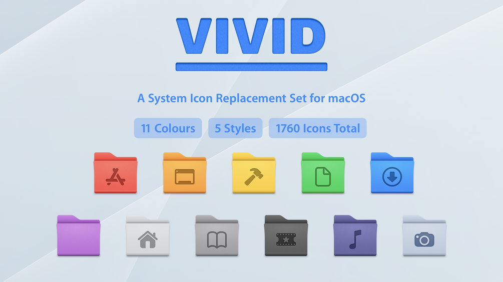 A total of 1760 icons split into 11 colours and 5 styles in both ICNS and ICO formats.
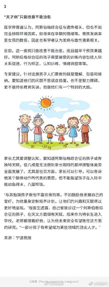 乍一看,8岁的亮亮是个讨人喜欢的小正太。他活泼爱笑,学习成绩也不错。然而,才上小学二年级的他已经被3所幼儿园、8所小学勒令退学,而且每次都是同学家长联名要求,理由是“不适宜行为”。 亮亮患有阿斯伯格综合征,因为牛顿、爱因斯坦等历史名人都为阿斯伯格人士,人们将此症称之为天才病。
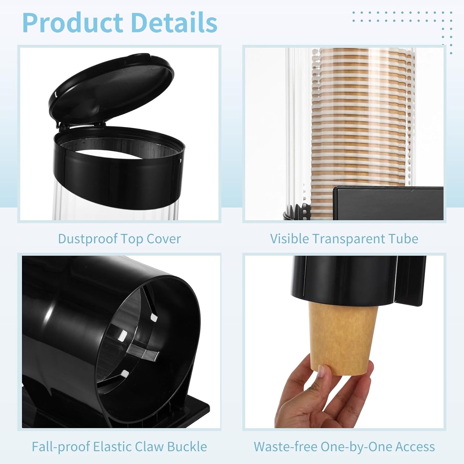 - Spacious Capacity: Measuring 3.9×16.9 inches, our cup dispenser can hold 60-80 disposable 7 oz-12 oz cups at once, preventing frequent refills; it fits cups with diameters of 2.96-3.54 inches; please check the dimensions before purchasing for proper fit
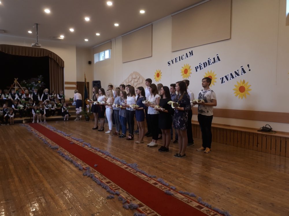 Ceturtdien, 17.maijā, skolā skanēja pēdējais zvans 12.klašu skolēniem. Šo dienu īpašu padarīja gan 1., gan 11. klašu skolēnu sagādātie patīkamie pārsteigumi. Pirmās klases skolēni sveica topošos absolventus ar lielisku koncertprogrammu, kurā netrūka ne deju, ne dziesmu. Kā uzsver 1.klases audzinātāja M.Arcihoviča: “Skolēni ilgi gatavojās un darīja to ar lielu atbildību, jo 12.klases skolēni viņus ieveda skolā.” Savukārt 12.klašu skolēni bija sarūpējuši jau tradicionālo vērtību – rupjmaizi – tikai šoreiz ar katra 12.klases skolēna iniciāļiem. Tāpat topošie absolventi tika pavadītu uz bērnudārzu, kur locīja papīra kuģīšus, kurus pēc izbrauciena ar kuģi “Baltā kaza” palaida Daugavā ar domu, lai piepildās iecerētie sapņi un sapnīši!
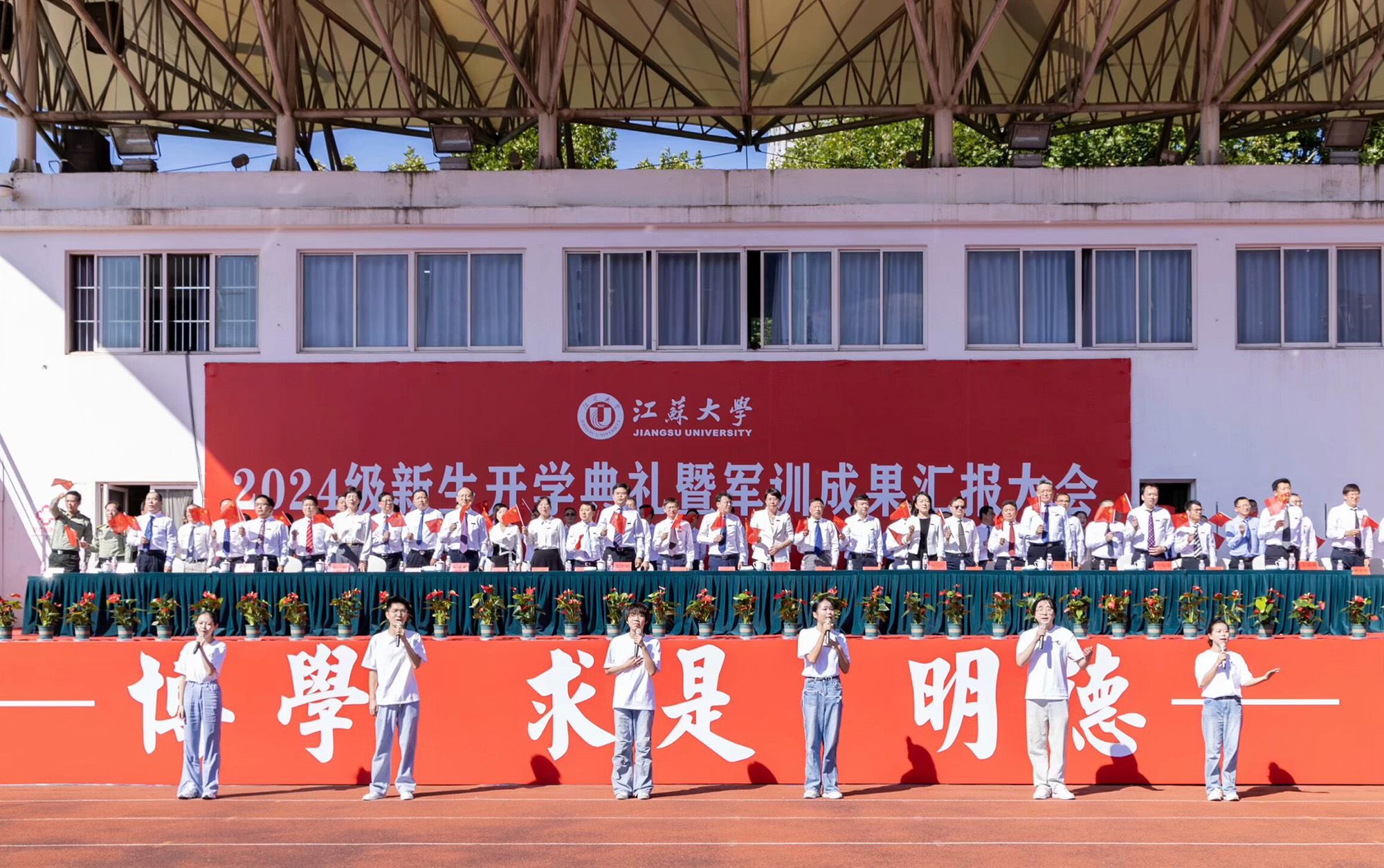 全体在校校领导、党委常委,相关职能部门领导,各学院、书院主要领导,各学院分管学生工作的副书记、新生辅导员,全体2024级新生参加开学典礼。

____________________

Write the listing out a second time exactly, dropping all images.

The completed task:
 A total of 1760 icons split into 11 colours and 5 styles in both ICNS and ICO formats.
 乍一看,8岁的亮亮是个讨人喜欢的小正太。他活泼爱笑,学习成绩也不错。然而,才上小学二年级的他已经被3所幼儿园、8所小学勒令退学,而且每次都是同学家长联名要求,理由是“不适宜行为”。 亮亮患有阿斯伯格综合征,因为牛顿、爱因斯坦等历史名人都为阿斯伯格人士,人们将此症称之为天才病。
 - Spacious Capacity: Measuring 3.9×16.9 inches, our cup dispenser can hold 60-80 disposable 7 oz-12 oz cups at once, preventing frequent refills; it fits cups with diameters of 2.96-3.54 inches; please check the dimensions before purchasing for proper fit
 Ceturtdien, 17.maijā, skolā skanēja pēdējais zvans 12.klašu skolēniem. Šo dienu īpašu padarīja gan 1., gan 11. klašu skolēnu sagādātie patīkamie pārsteigumi. Pirmās klases skolēni sveica topošos absolventus ar lielisku koncertprogrammu, kurā netrūka ne deju, ne dziesmu. Kā uzsver 1.klases audzinātāja M.Arcihoviča: “Skolēni ilgi gatavojās un darīja to ar lielu atbildību, jo 12.klases skolēni viņus ieveda skolā.” Savukārt 12.klašu skolēni bija sarūpējuši jau tradicionālo vērtību – rupjmaizi – tikai šoreiz ar katra 12.klases skolēna iniciāļiem. Tāpat topošie absolventi tika pavadītu uz bērnudārzu, kur locīja papīra kuģīšus, kurus pēc izbrauciena ar kuģi “Baltā kaza” palaida Daugavā ar domu, lai piepildās iecerētie sapņi un sapnīši!
 全体在校校领导、党委常委,相关职能部门领导,各学院、书院主要领导,各学院分管学生工作的副书记、新生辅导员,全体2024级新生参加开学典礼。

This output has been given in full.